Moskau will nicht an Verfahren teilnehmen
Eine Freilassung durch Moskau könnte ein wichtiges Signal zur Entspannung der zerrütteten Beziehungen zwischen beiden Ländern sein, schrieb der neue ukrainische Präsident Wolodymyr Selenskyj auf Facebook. So könne Russland zeigen, ob es ernsthaft an einer Lösung des Konflikts mit dem Nachbarland interessiert sei. «Mal sehen, welchen Weg der Kreml wählen wird», schrieb er weiter. Selenskyj hatte nach seinem Wahlsieg im April angekündigt, seine wichtigste Aufgabe sei es, die Seeleute aus russischer Haft zu befreien.
Das russische Aussenministerium betonte unmittelbar nach der Urteilsverkündung, dass Moskau weiter nicht an dem Verfahren teilnehmen wolle. Grund sei, dass militärische Aktivitäten durch Schiffe und Flugzeuge der Regierung nach der UN-Seerechtskonvention nicht unter die Zuständigkeit des Seegerichtshofes fielen, hiess es.
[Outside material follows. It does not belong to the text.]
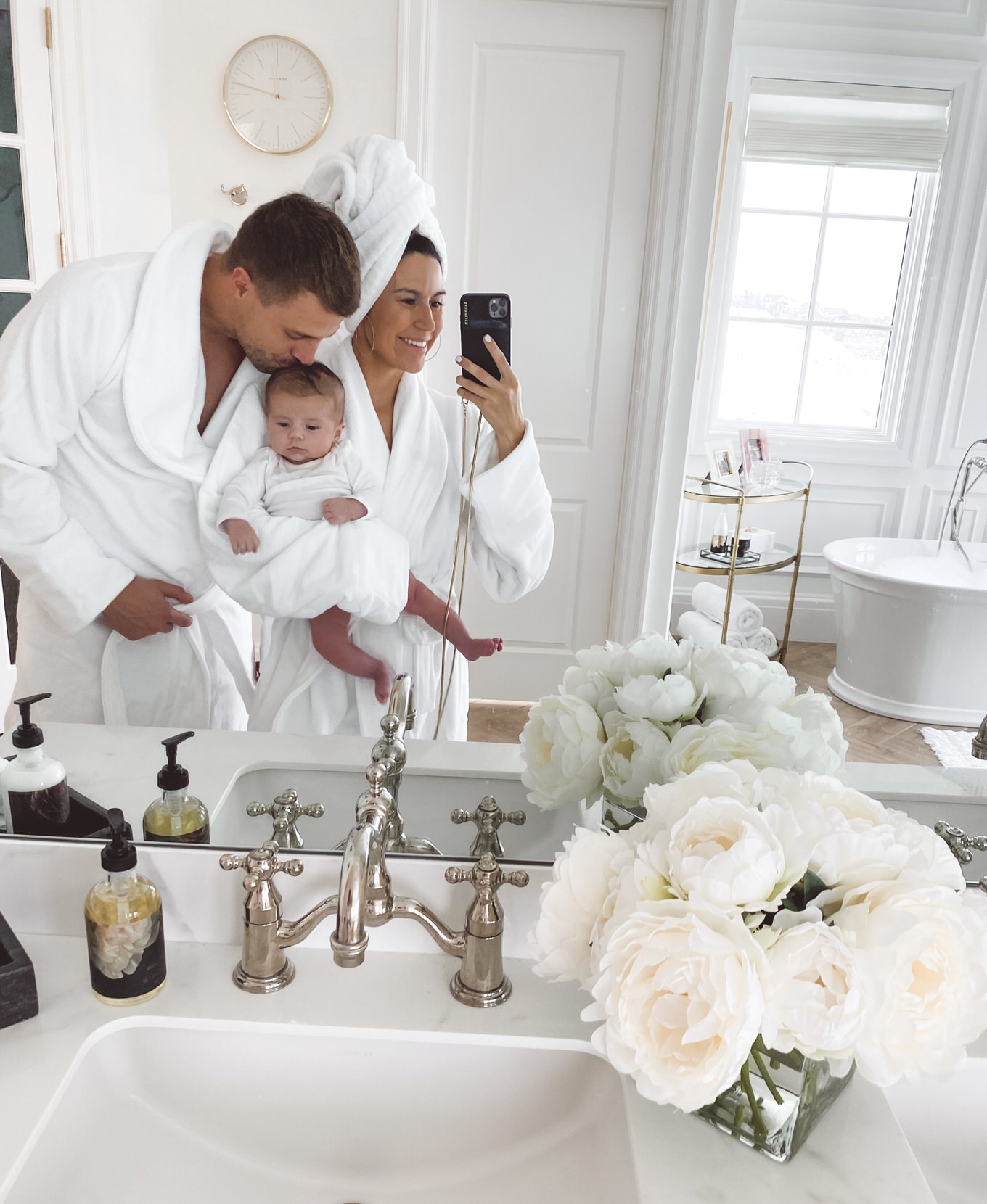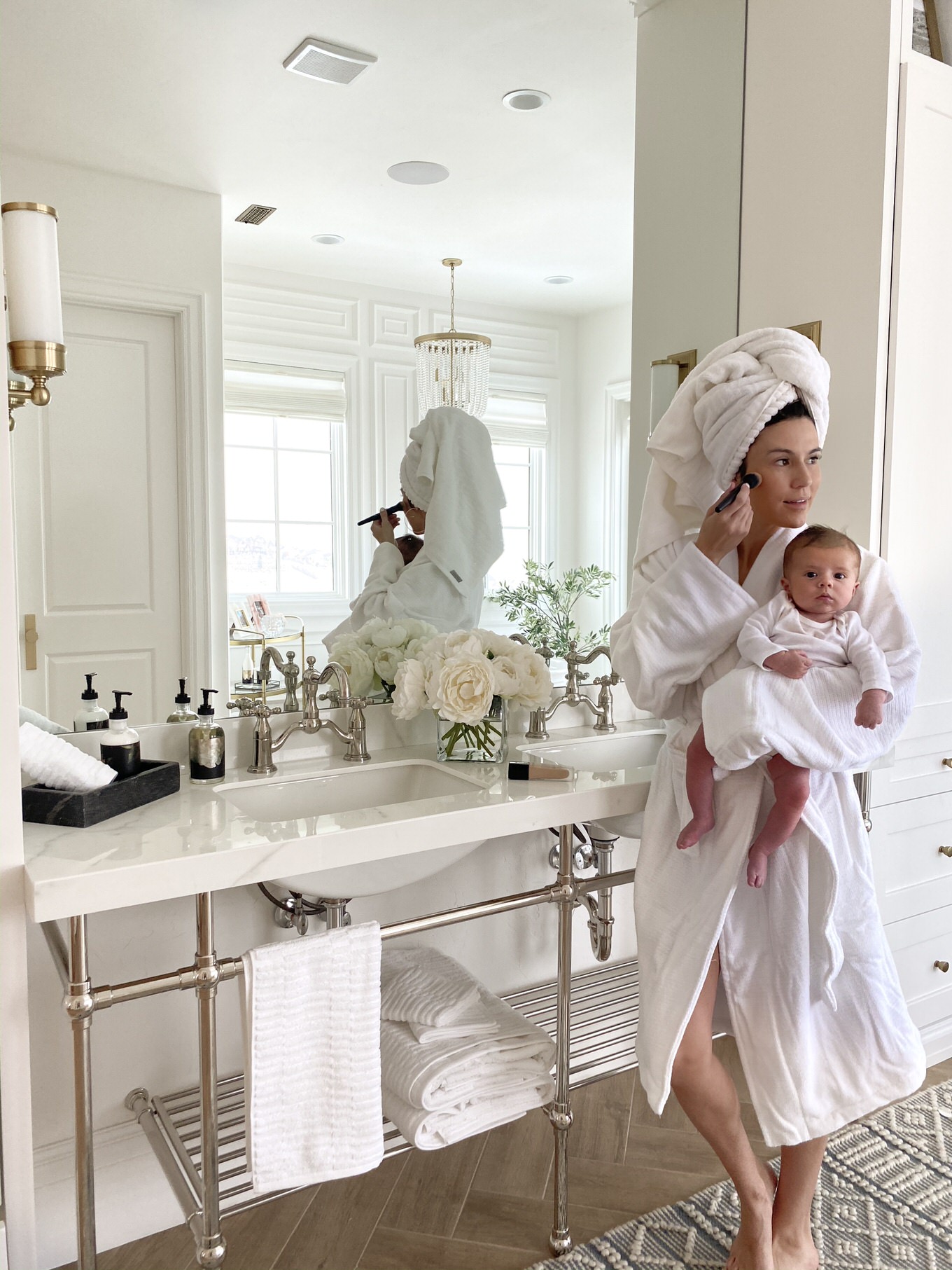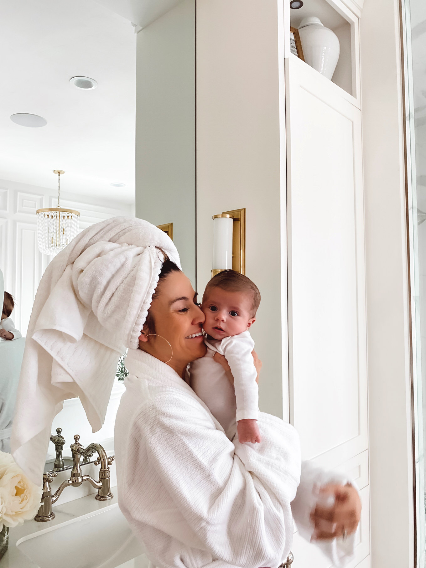 1. First and foremost, nice towels! I feel like this one is a progression, when you start with a regular bath towel you don’t know what you’re missing, but gradually as you invest in softer, plusher, and thicker towels you realize you can never go back. There’s nothing better than a feeling of a soft, new towel after taking bath in the winter (try throwing it in the dryer so it’s warm when you get out too and it’s a double win). I just added these Kohler towels to our bathroom. Our tub is Kohler and I’m a big fan of the brand, so I was excited to hear they were launching a linens collection! Their towels are 100% Turkish cotton and really high quality, and I love the texture and subtle pattern to spice up towels since I usually keep it neutral with whites. We got the standard bath towels but also a handful of the oversized bath sheets so you can really wrap yourself when you get out of the tub.

Laut Gericht militärische Aktion
Das Gericht, das über die Einhaltung der Konvention wacht, sieht dies nicht so: Es handle sich bei dem Zwischenfall nicht um eine militärische Aktion, sagte der Richter. Ebenso sei die Gewaltanwendung durch die russischen Behörden eher als Rechtsdurchsetzung zu sehen und nicht als militärische Aktion.
Beide Seiten sollten deshalb keine zusätzlichen Massnahmen veranlassen, um die extrem angespannte Situation weiter zu verschärfen, hiess es. Russland sei verpflichtet, den Forderungen nachzukommen. Bis 25. Juni müssten die Ukraine und Russland den Richtern in Hamburg einen Bericht darüber zukommen lassen.